Problem details: Pictures are to be left out. Return exactly the lines below from the one with "BOXED, Ruger, New" up to and including the one with "Decontamination tents are the".

Data supplied:
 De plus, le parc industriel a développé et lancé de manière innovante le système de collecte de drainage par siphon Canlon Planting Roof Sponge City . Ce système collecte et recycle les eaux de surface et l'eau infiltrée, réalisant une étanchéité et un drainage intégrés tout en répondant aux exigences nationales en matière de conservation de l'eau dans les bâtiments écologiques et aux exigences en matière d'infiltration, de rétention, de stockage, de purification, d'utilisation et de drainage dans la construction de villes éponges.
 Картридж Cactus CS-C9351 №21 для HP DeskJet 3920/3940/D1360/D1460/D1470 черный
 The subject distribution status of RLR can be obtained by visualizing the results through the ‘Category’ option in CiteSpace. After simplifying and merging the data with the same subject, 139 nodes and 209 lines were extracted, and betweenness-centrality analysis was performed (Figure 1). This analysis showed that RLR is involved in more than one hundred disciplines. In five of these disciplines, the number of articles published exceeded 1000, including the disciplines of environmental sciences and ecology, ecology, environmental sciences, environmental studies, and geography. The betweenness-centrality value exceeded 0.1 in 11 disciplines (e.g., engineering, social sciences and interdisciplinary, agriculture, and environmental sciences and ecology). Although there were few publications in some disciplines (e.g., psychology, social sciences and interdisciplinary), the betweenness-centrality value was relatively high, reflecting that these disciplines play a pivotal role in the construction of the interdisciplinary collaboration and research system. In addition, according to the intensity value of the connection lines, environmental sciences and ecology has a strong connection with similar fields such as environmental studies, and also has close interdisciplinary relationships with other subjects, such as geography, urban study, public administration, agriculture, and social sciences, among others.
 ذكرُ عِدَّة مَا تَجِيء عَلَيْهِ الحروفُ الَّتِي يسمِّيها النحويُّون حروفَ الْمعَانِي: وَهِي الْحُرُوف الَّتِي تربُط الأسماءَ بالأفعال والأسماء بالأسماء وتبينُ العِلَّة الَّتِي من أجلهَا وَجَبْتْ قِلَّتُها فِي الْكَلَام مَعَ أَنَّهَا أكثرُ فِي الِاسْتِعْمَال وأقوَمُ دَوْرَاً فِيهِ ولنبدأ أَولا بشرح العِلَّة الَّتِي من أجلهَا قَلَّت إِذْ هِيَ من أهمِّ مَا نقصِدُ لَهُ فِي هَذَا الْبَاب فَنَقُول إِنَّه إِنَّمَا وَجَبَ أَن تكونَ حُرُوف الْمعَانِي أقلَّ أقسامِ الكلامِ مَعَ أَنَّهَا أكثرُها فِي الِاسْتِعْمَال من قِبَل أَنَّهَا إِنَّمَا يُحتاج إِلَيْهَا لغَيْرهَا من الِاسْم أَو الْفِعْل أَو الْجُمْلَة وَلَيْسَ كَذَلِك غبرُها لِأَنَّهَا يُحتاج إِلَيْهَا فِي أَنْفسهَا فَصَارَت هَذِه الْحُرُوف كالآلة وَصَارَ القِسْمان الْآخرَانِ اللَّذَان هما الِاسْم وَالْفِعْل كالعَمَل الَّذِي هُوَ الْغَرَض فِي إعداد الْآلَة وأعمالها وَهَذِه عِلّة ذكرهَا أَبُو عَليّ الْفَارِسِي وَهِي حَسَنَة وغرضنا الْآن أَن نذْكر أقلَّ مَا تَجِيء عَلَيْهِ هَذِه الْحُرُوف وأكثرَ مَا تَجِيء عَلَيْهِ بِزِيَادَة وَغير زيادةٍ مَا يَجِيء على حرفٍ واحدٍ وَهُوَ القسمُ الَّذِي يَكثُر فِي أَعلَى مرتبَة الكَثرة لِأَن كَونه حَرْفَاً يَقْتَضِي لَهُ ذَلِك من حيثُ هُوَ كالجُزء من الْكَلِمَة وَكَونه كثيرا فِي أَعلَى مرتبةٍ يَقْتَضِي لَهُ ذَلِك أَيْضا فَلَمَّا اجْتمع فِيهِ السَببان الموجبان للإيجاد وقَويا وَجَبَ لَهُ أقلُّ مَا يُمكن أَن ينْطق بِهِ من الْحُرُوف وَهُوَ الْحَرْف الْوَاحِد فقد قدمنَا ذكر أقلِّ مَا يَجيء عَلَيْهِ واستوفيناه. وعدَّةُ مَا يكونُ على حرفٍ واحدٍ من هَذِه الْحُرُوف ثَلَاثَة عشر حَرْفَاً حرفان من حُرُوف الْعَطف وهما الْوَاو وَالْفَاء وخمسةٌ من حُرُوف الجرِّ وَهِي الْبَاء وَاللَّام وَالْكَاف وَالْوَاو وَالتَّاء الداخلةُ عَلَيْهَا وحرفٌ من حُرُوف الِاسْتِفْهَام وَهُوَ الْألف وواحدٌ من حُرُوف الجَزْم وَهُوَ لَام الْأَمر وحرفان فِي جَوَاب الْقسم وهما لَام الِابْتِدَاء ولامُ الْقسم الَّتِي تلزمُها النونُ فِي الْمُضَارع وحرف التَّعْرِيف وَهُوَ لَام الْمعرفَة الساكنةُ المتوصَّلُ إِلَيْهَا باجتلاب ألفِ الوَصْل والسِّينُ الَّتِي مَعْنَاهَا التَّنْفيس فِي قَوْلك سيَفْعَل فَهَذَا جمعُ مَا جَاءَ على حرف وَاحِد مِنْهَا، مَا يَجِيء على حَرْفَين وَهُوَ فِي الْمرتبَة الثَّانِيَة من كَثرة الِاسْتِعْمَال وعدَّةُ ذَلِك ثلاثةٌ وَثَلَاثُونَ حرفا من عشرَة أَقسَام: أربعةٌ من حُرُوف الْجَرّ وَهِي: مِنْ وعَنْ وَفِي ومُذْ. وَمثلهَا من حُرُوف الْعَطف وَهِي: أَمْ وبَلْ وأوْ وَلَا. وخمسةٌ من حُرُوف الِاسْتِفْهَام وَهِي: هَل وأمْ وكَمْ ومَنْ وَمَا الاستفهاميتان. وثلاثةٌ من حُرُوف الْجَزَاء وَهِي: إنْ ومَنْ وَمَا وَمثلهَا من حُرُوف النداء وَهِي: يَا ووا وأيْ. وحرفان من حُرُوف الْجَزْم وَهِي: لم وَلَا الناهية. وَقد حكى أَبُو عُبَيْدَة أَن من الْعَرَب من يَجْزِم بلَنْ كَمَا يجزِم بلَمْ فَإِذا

---

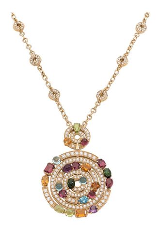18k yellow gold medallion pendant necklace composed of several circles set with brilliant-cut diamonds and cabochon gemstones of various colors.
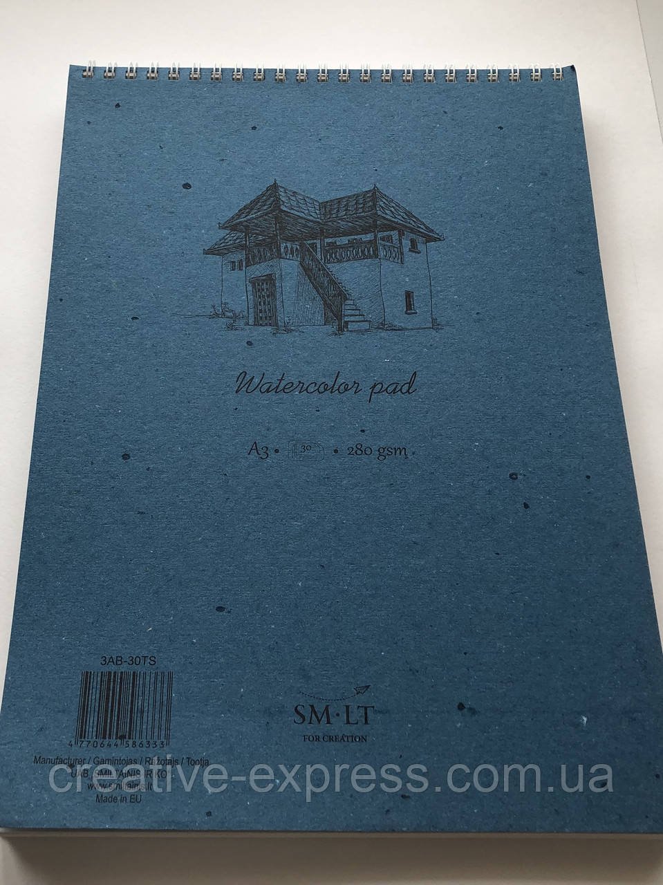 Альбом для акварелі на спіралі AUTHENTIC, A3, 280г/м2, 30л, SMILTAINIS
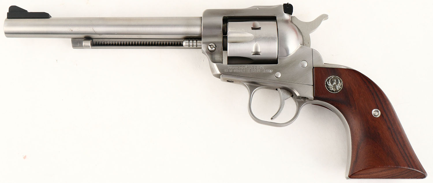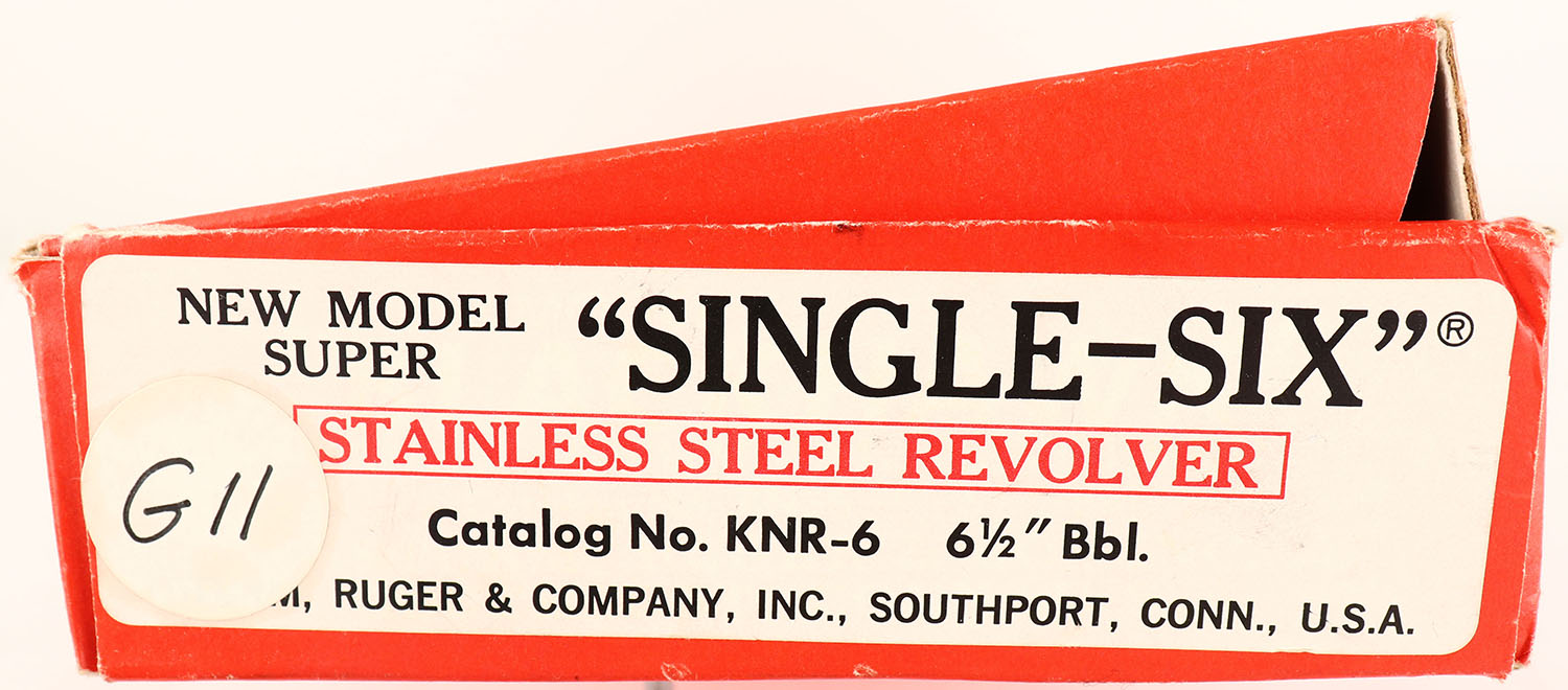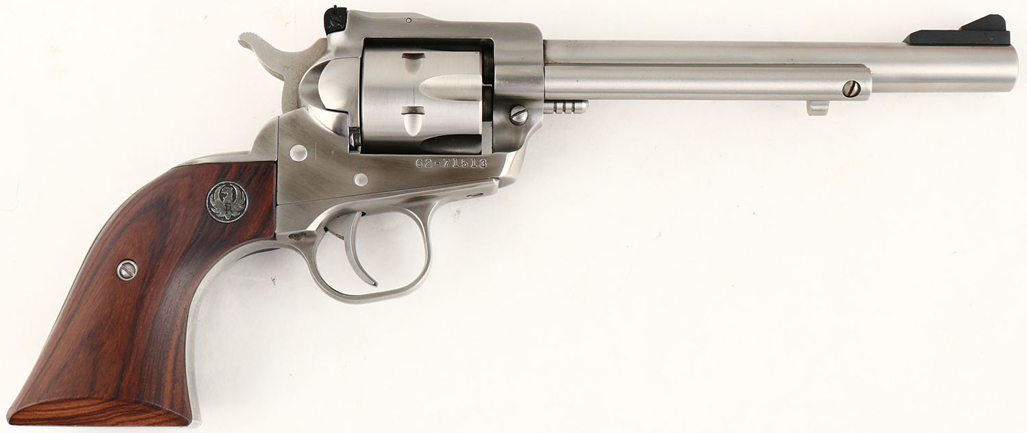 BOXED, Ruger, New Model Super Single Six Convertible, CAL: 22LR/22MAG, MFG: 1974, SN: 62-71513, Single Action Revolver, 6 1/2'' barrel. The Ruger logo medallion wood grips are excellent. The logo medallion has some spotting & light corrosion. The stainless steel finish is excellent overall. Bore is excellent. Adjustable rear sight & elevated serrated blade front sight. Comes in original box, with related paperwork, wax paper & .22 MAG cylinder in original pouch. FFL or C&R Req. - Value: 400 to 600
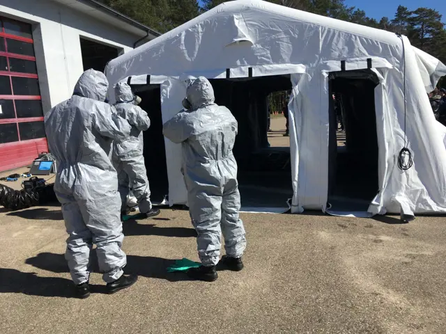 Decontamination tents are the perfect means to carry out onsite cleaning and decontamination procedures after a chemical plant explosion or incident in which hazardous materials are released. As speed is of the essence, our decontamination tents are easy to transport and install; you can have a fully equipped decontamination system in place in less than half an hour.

...

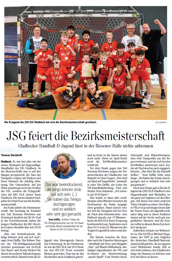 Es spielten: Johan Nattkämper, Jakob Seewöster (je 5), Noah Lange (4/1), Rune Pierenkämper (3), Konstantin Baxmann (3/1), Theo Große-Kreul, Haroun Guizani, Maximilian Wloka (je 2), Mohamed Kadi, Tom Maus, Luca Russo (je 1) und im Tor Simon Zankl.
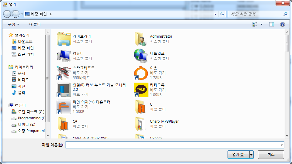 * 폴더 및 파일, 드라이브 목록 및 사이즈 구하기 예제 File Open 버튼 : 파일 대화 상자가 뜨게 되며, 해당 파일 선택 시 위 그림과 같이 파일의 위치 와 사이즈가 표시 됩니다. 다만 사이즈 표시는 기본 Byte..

Written solution:
 BOXED, Ruger, New Model Super Single Six Convertible, CAL: 22LR/22MAG, MFG: 1974, SN: 62-71513, Single Action Revolver, 6 1/2'' barrel. The Ruger logo medallion wood grips are excellent. The logo medallion has some spotting & light corrosion. The stainless steel finish is excellent overall. Bore is excellent. Adjustable rear sight & elevated serrated blade front sight. Comes in original box, with related paperwork, wax paper & .22 MAG cylinder in original pouch. FFL or C&R Req. - Value: 400 to 600
 Decontamination tents are the perfect means to carry out onsite cleaning and decontamination procedures after a chemical plant explosion or incident in which hazardous materials are released. As speed is of the essence, our decontamination tents are easy to transport and install; you can have a fully equipped decontamination system in place in less than half an hour.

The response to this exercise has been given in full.